FrozenCell is the mobile component of a multi-platform attack we've seen a threat actor known as "Two-tailed Scorpion/APT-C-23," use to spy on victims through compromised mobile devices and desktops. The desktop components of this attack, previously discovered by Palo Alto Network, are known as KasperAgent and Micropsia. We discovered 561MB of exfiltrated data from 24 compromised Android devices while investigating this threat. More data is appearing daily, leading us to believe the actors are still highly active. We are continuing to watch it closely.

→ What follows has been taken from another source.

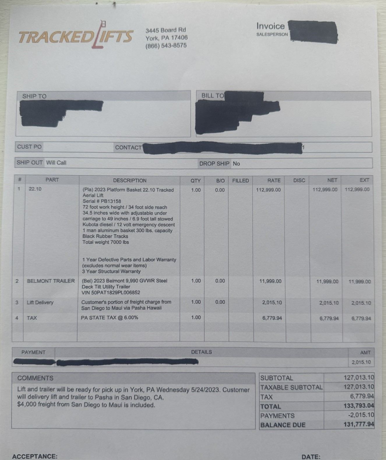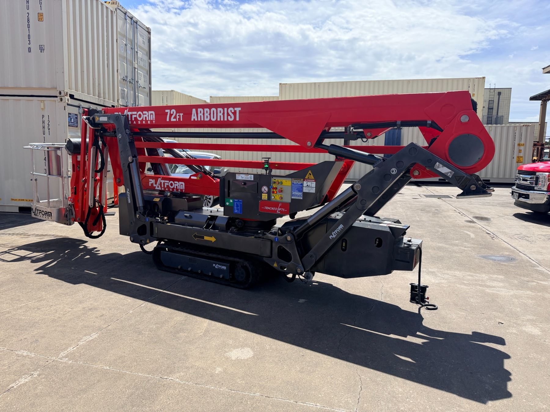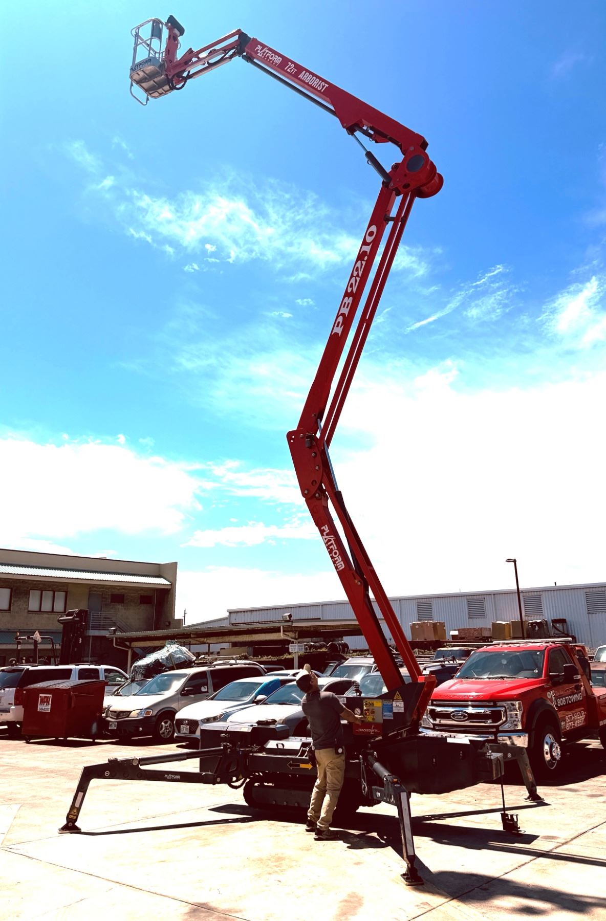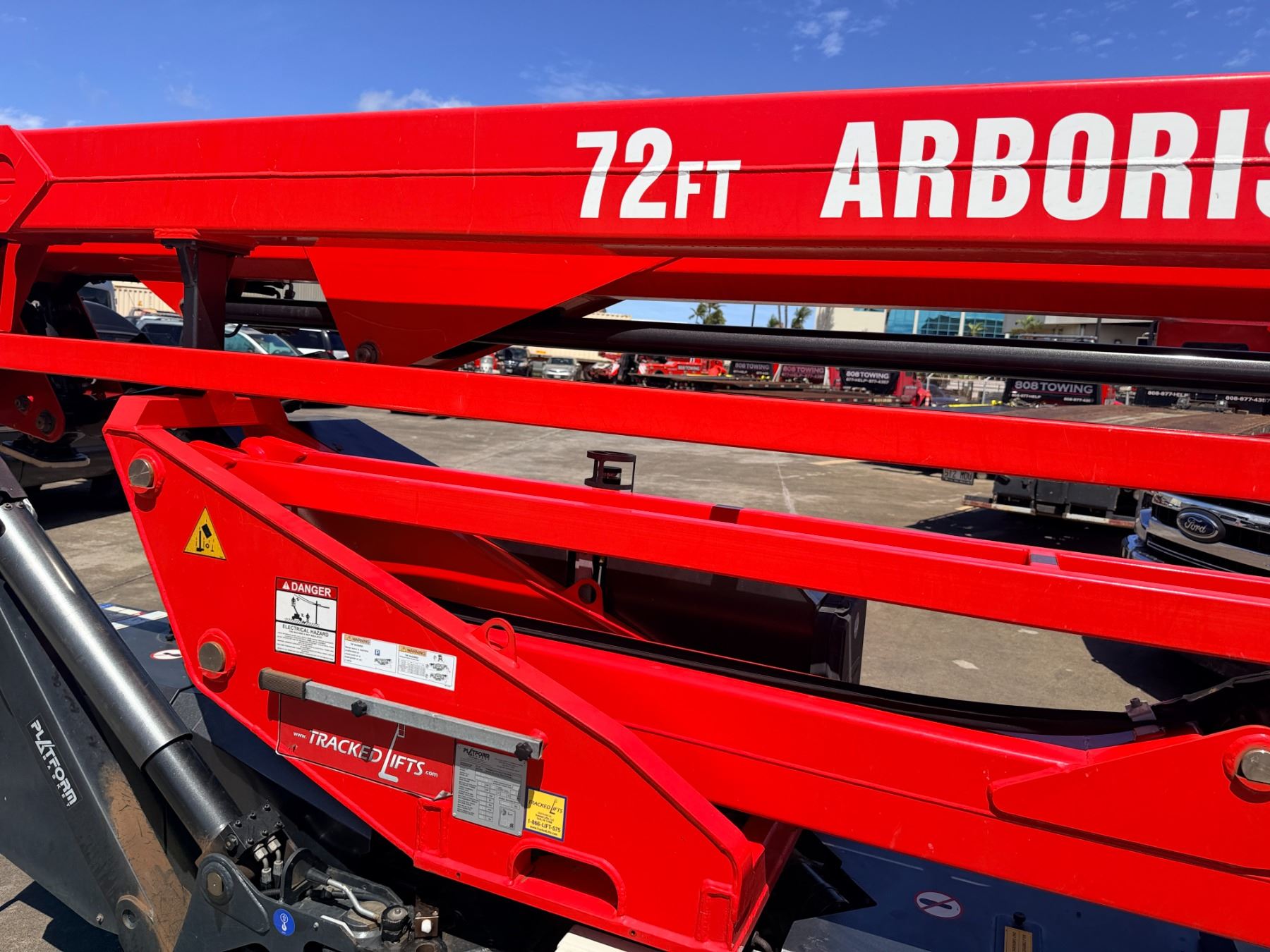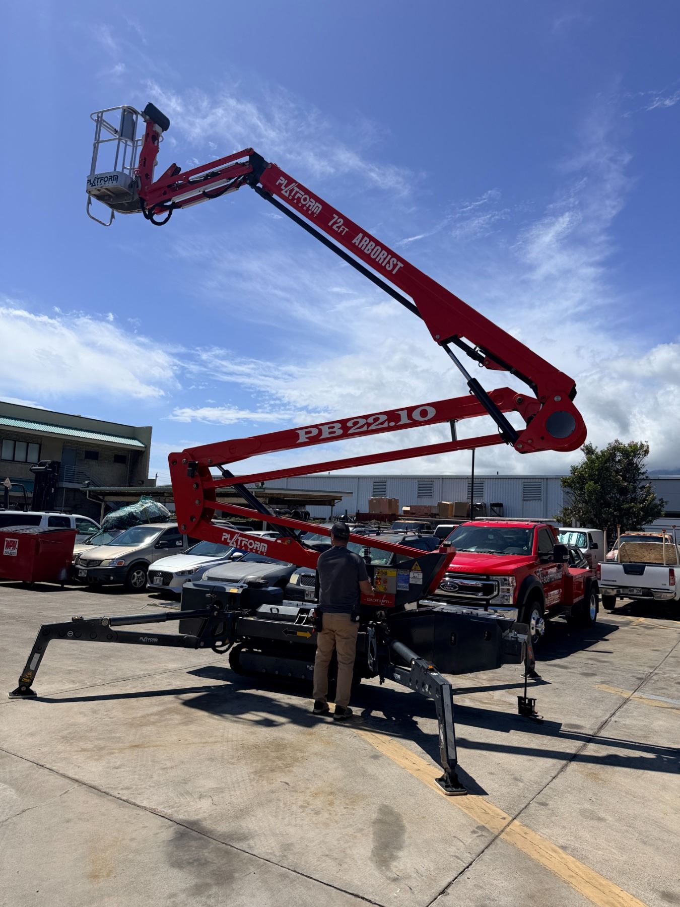 2023 Arborist Track Articulating Aerial Lift with approx. 72-foot working height, 34-foot side reach and stabilizing outriggers to handle uneven terrain. This was purchased from the manufacturer in May of 2023 and shipped to Hawaii from the U.S. mainland. Includes a Belmont utility steel-deck tilt trailer for easy transport. Trailer has no registration, title or paperwork and none will be provided. Trailer was also shipped to Hawaii at the same time. This unit is offered as-is, where-is with no guarantees or representations. Total paid with tax and shipping was $133,793.

This threat is another proof point that attackers are clearly incorporating the mobile device into their surveillance campaigns as a primary attack vector. Government agencies and enterprises should look at this threat as an example of the kind of spying that is now possible given how ubiquitous mobile devices are in the workplace. Attackers are keenly aware of the information they can derive from these devices and are using multi-stage (phishing + an executable), multi-platform (Android + desktop) attacks to accomplish their spying.
All Lookout customers are protected from this threat.
What it does
FrozenCell masquerades as fake updates to chat applications like Facebook, WhatsApp, Messenger, LINE, and LoveChat. We also detected it in apps targeted toward specific Middle Eastern demographics. For example, the actors behind FrozenCell used a spoofed app called Tawjihi 2016, which Jordanian or Palestinian students would ordinarily use during their general secondary examination.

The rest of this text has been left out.